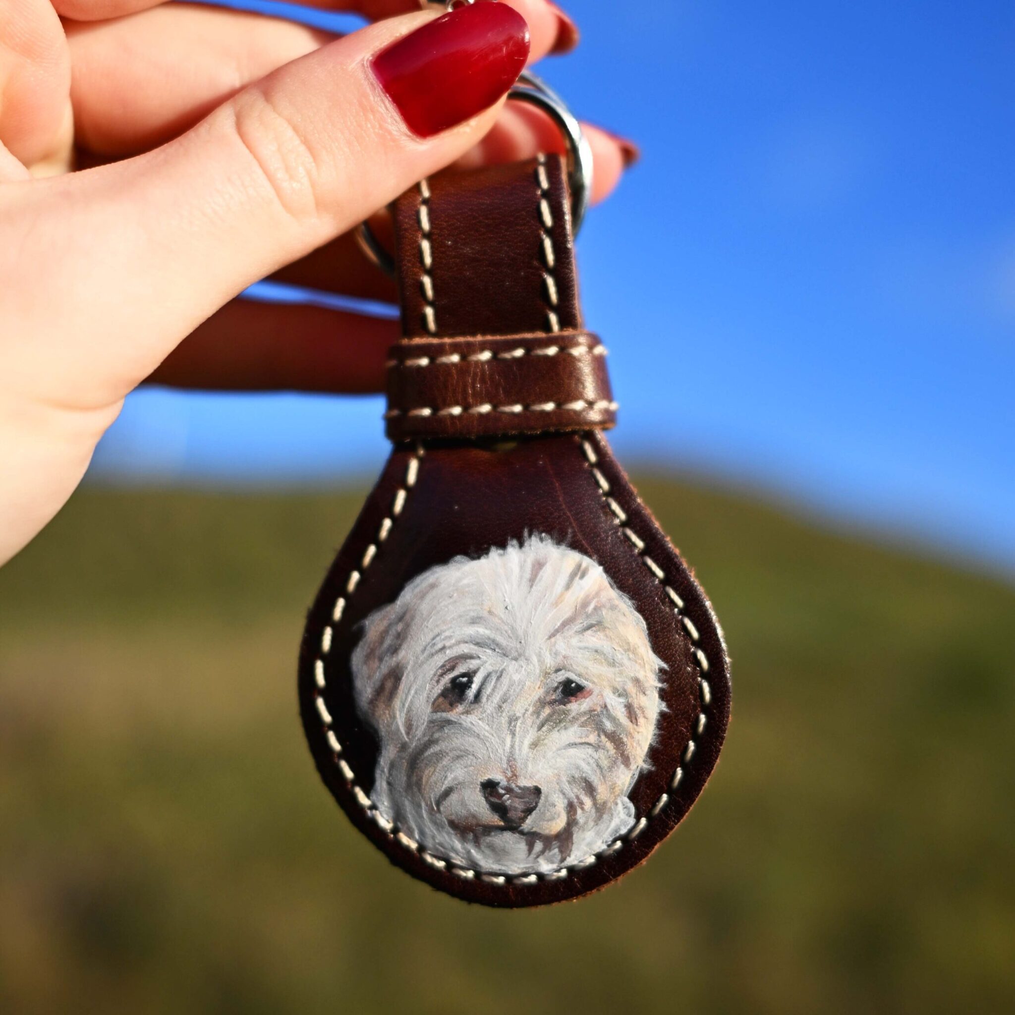 Ręcznie malowany brelok ze skóry naturalnej. Każdy egzemplarz to ręczna praca, precyzyjnie malowana i zabezpieczona dla trwałości.
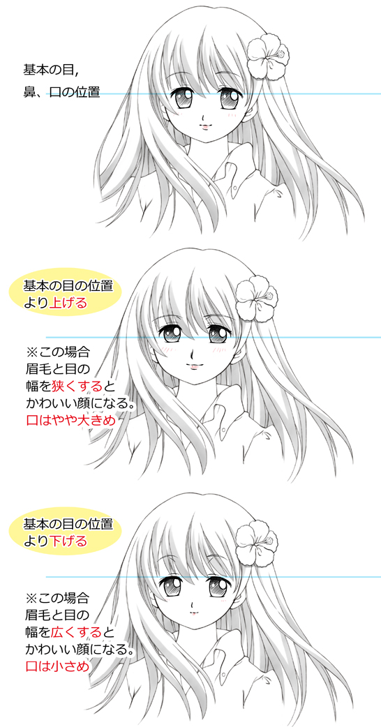 目の配置は、基本より上げても下げてもかわいい顔にすることはできます。ただし、それに合わせて、眉毛の位置や、鼻と口の位置もちゃんと調整すること!調整しないと変な顔になっちゃうかも…(つд⊂)
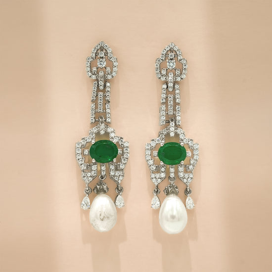 These one-of-one drop earrings combine rich green stones with soft pearl drops, linked through a structured, hand-set design in 92.5 silver. The contrast of form and flow creates depth and presence, making this single pair a meaningful expression of individuality and thoughtful gifting.
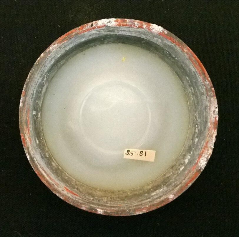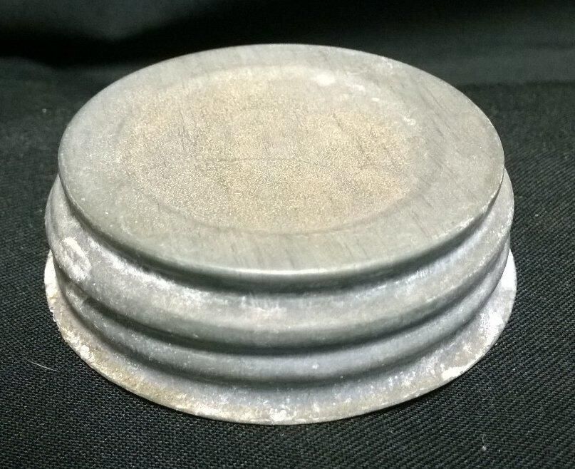 Zinc and glass lid for canning jar. The gray lid has female threads to fit on the male threads of a mason jar. There are concentric circles of 1" and 2" impressed on the top. The inside of the lid has a white milk glass lining. The liner has a 1.25" circle in the center. The zinc is corroded with accretions/powdery white spots. The sealing edge has a red coloring possibly from the rubber gasket it was used with.Made/Created
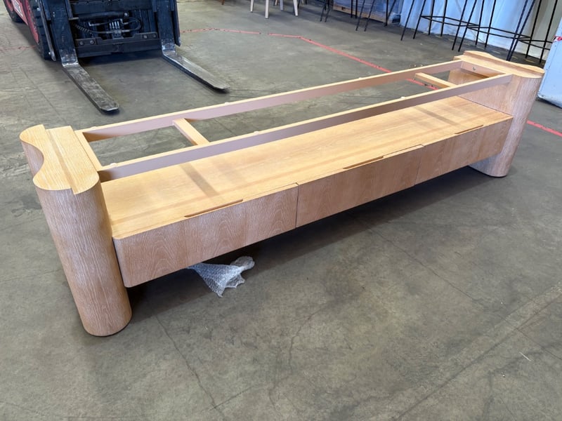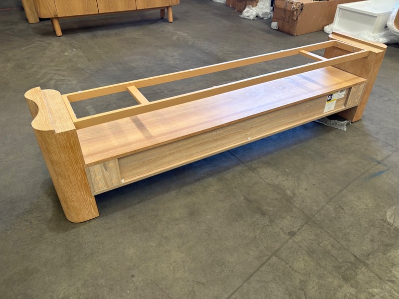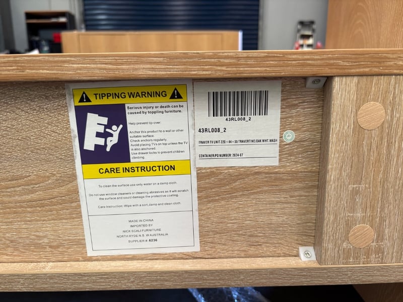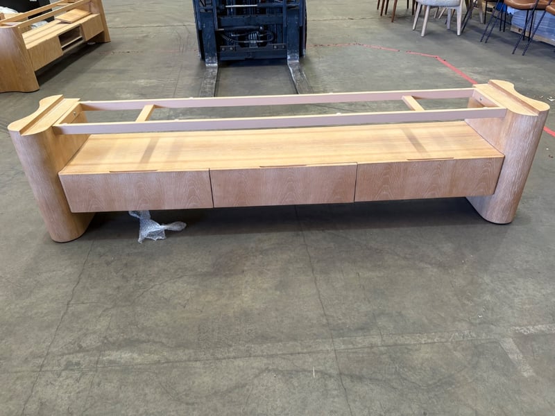 RRP$2890. Tv Entertainment Unit. White washed oak timber with marble style top. Package Dimensions 215x52x10, 227.5x51.5x64
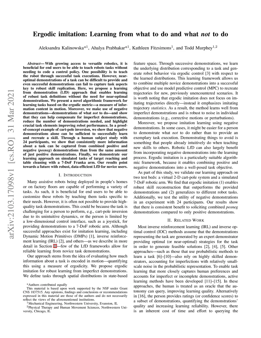 Ergodic imitation: Learning from what to do and what not to do
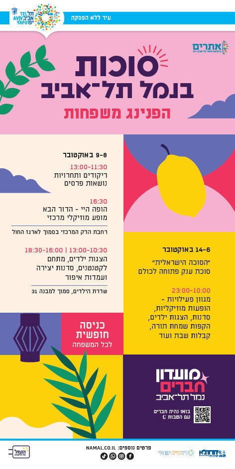 נמל תל אביב יקיים חגיגות סוכות לכל המשפחה במהלך חול המועד, עם מגוון רחב של פעילויות ומופעים ללא תשלום.
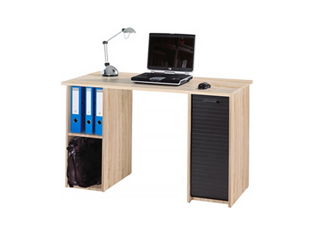 Bureau Chêne et Noir 2 Caissons 4 Niches 130 x 74 x 50 cm
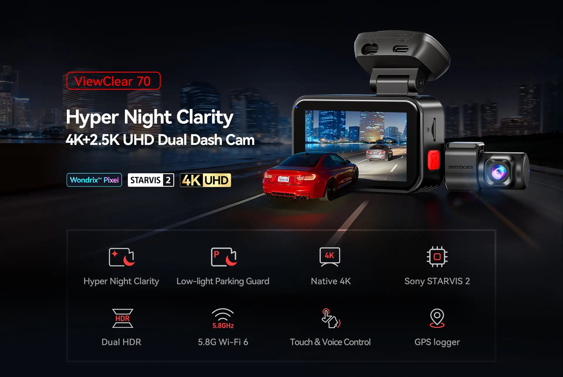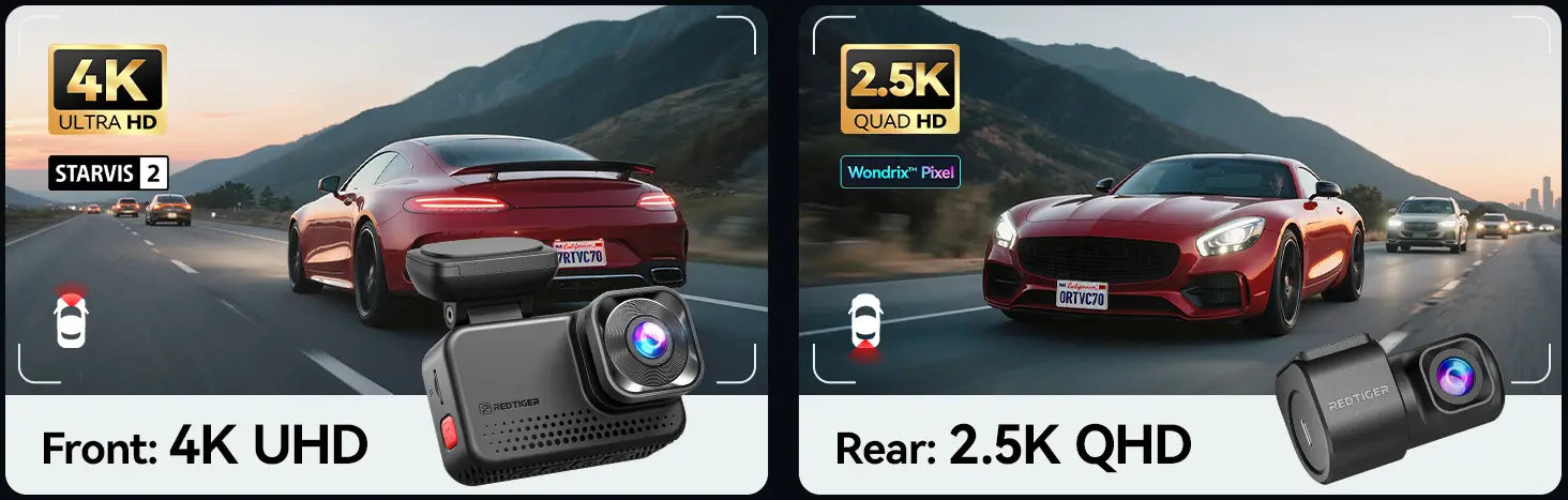Redtiger ViewClear 70 4K Dual HDR 5.8Ghz WiFi-6 Hyper Night Clarity Dual Dash Cam
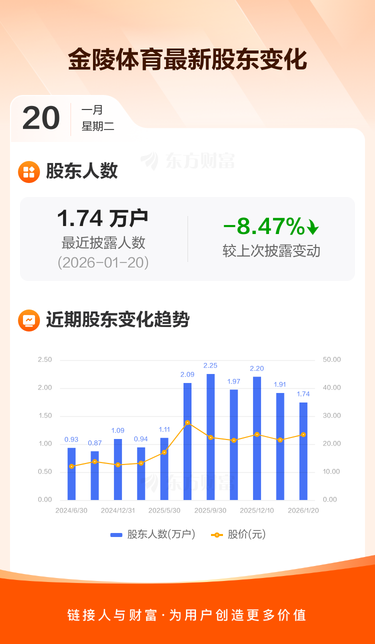 金陵体育:截至1月20日最新股东户数1.74万户,较上期减少8.47%
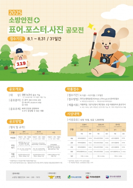 공모작은 8월 1일부터 31일까지 한국소방방송 누리집을 통해 온라인으로 접수하며 심사는 전문가 평가와 온라인 공개 검증을 병행해 공정성과 국민 참여를 함께 보장한다.
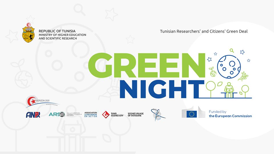 Dans le cadre de la deuxième édition de la Nuit des chercheurs en Tunisie, le Ministère de l’Enseignement Supérieur et de la Recherche Scientifique – Unité de Gestion chargée du Programme Européen de Recherche & Innovation Horizon 2020 [UGPE-H2020] organise en pré-évènement «GREEN NIGHT e-Caravane », un nouveau concept qui vise à promouvoir la Nuit des chercheurs « Tunisian Researchers’ and Citizens’ Green Deal » qui se tiendra le 27 Novembre 2020.
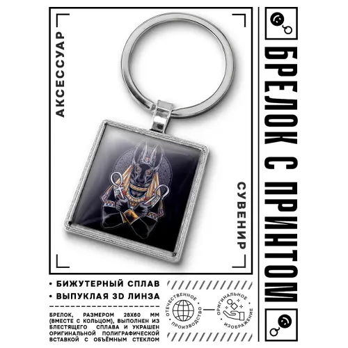 Брелок Анубис — это уникальный аксессуар, который сочетает в себе стиль и символику древнеегипетской культуры. Он станет отличным подарком для ценителей мифологии и истории. Изготовленный из бижутерного сплава с покрытием под серебро, стали и стекла, этот брелок не только красив, но и прочен.
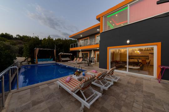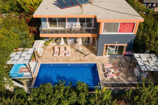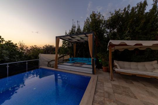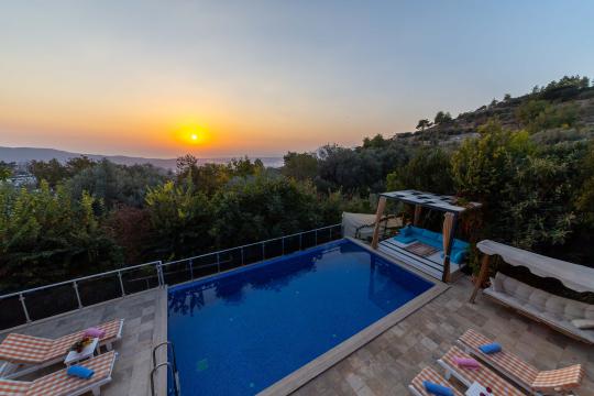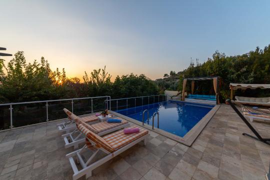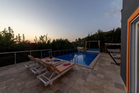 Kalkan İslamlar mevkiinde yer alan Villa Devrim; 3 yatak odalı, 6 kişilik konaklama kapasitesine sahip villamızdır. Güneşlenme terası ve özel yüzme havuzu dışarıdan görünmediği için mutassıp aileler ve balayı çifleri için oldukça uygun bir seçenektir. Villamızın çevresi doğal olarak süslenmiş olup siz misafirlerimize yılın yorgunluğunu atma imkanı sunar.
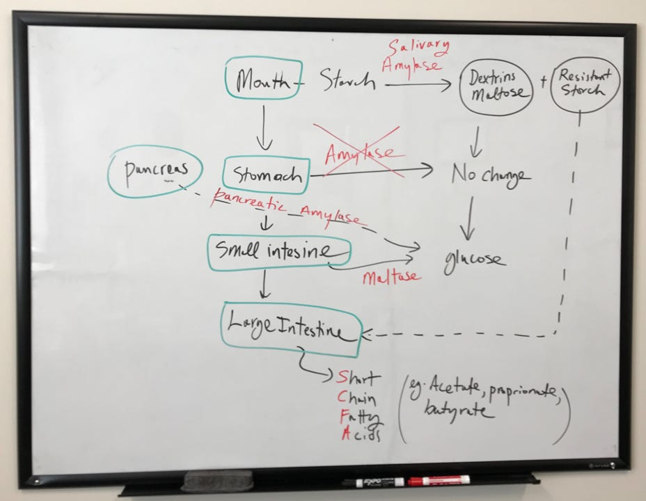 Some starch will reach the large intestine unchanged. These are known as resistant starch. They function as dietary fiber since they are fermented by bacteria to produce short chain fatty acids (SCFA) including acetate, propionate and butyrate. SCFA have been associated with improved gut health.
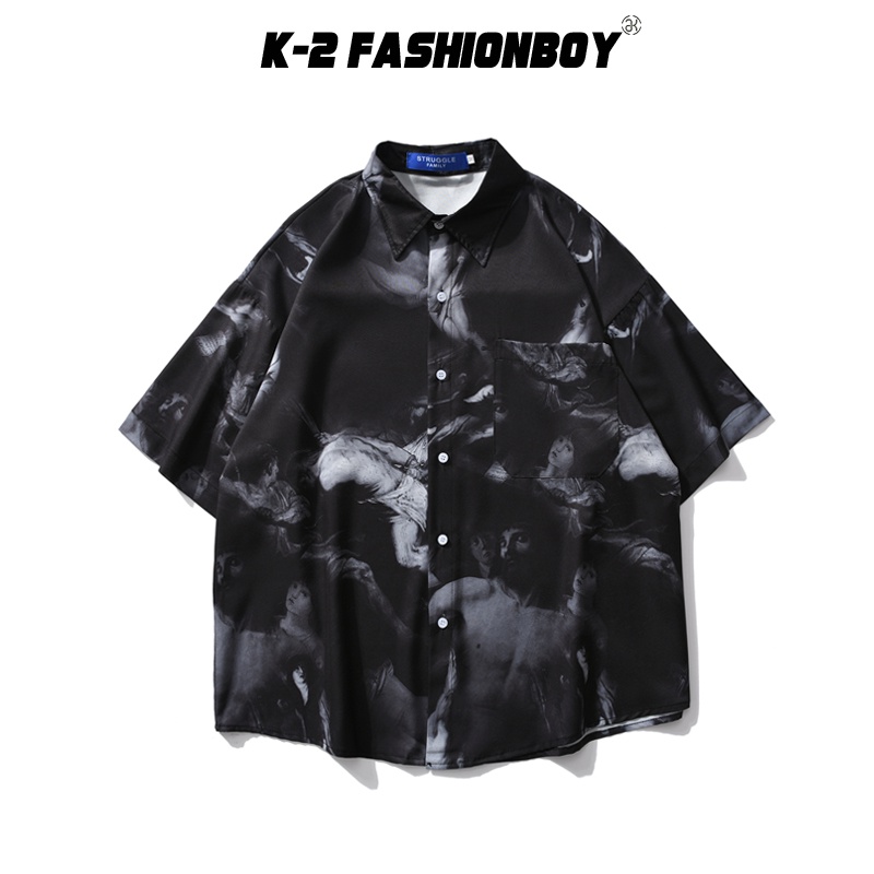 【K-2】羅馬神話 天神 短袖襯衫 個性 寬鬆襯衫 襯衫 男女不拘 個性穿搭 K2【B226】M|L|XLShirtsK-2 Fashionboy
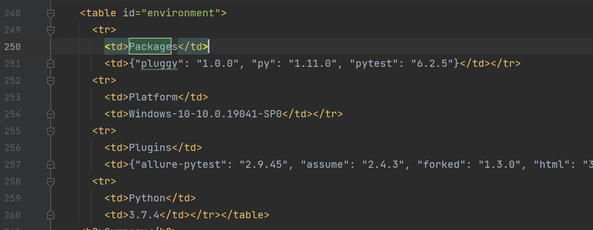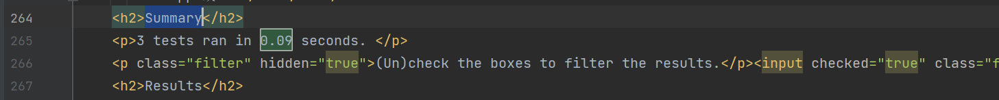 可以看到源代码中264行表示的是概括,但默认的内容只有用例总数和运行时间,如果我们想要增加自己想要的
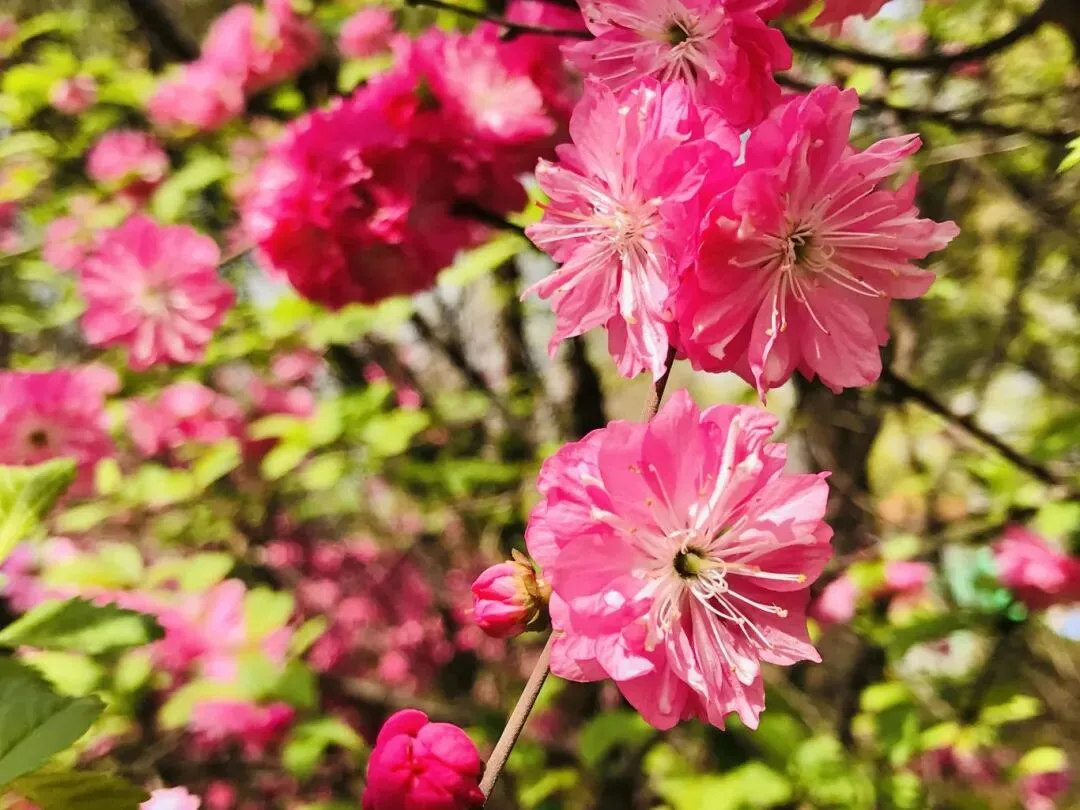榆叶梅繁英叠锦,粉黛盈枝,桃姿梅韵,艳若云霞,于庭院、路旁、坡前次第绽放,一树嫣红,绘就最动人的烂漫景致。
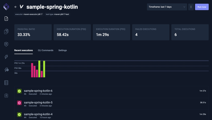Then, we can click the selected tile with the test to see the details. You will be redirected to the history of previous executions available in the “Recent executions” tab. There are six previous executions of our sample-spring-kotlin test. Two of them were finished successfully, the four others were failed.
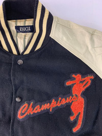 Streetwear - Bigi Ball Champion Big Logo Simple Leather Varsity Jacket
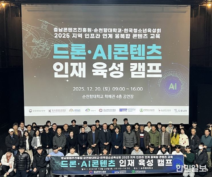 한민일보 서울포커스 박덕환 기자 | 충남콘텐츠진흥원은 순천향대학교, 한국청소년육성회와 함께 추진한 ‘드론·AI 콘텐츠 인재 육성 캠프’를 성공적으로 마무리했다고 밝혔다.
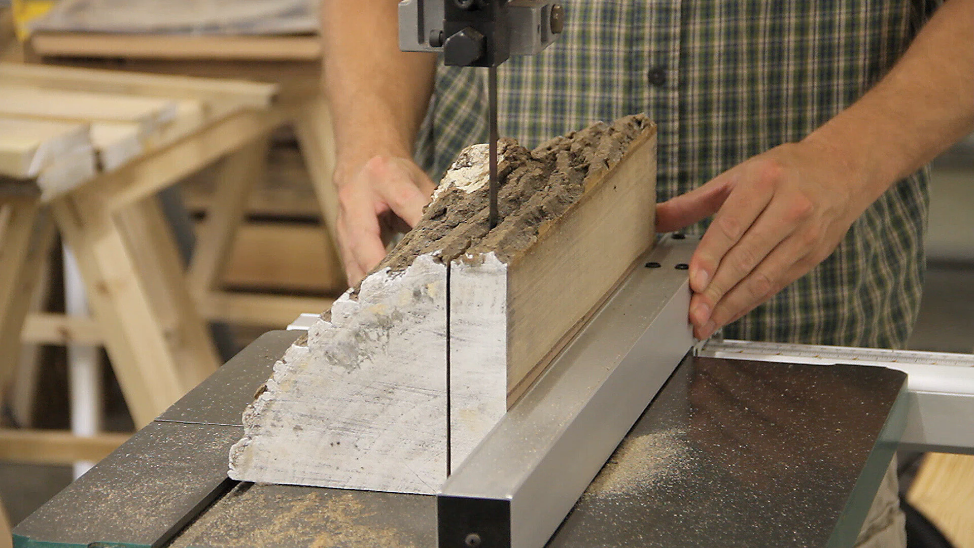 To prepare the boards, I started by ripping off the outer edge at the table saw.
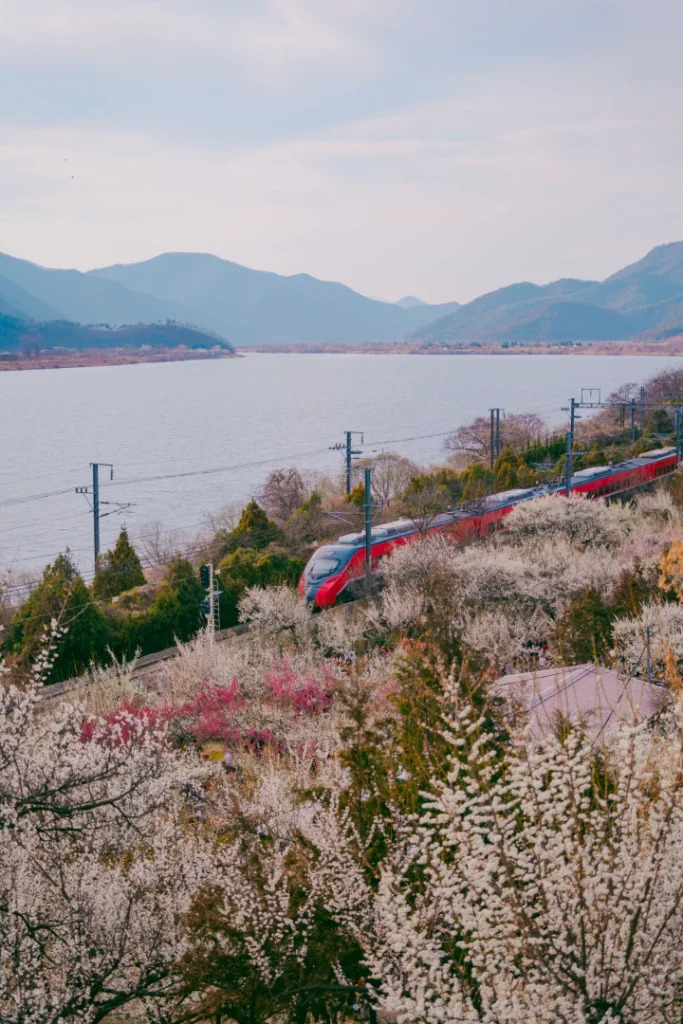 Nakdong River + railway + passing train + plum blossoms all in one frame.

◆ ◆ ◆ ◆

- Exercise brief -
Could you output exactly the lines above, from the line with "金陵体育:截至1月20日最新股东户数1.74万户,较上期减少8.47%" up to and including the line with "공모작은 8월 1일부터", and nothing else, skipping the pictures?

- Result below -
 金陵体育:截至1月20日最新股东户数1.74万户,较上期减少8.47%
 공모작은 8월 1일부터 31일까지 한국소방방송 누리집을 통해 온라인으로 접수하며 심사는 전문가 평가와 온라인 공개 검증을 병행해 공정성과 국민 참여를 함께 보장한다.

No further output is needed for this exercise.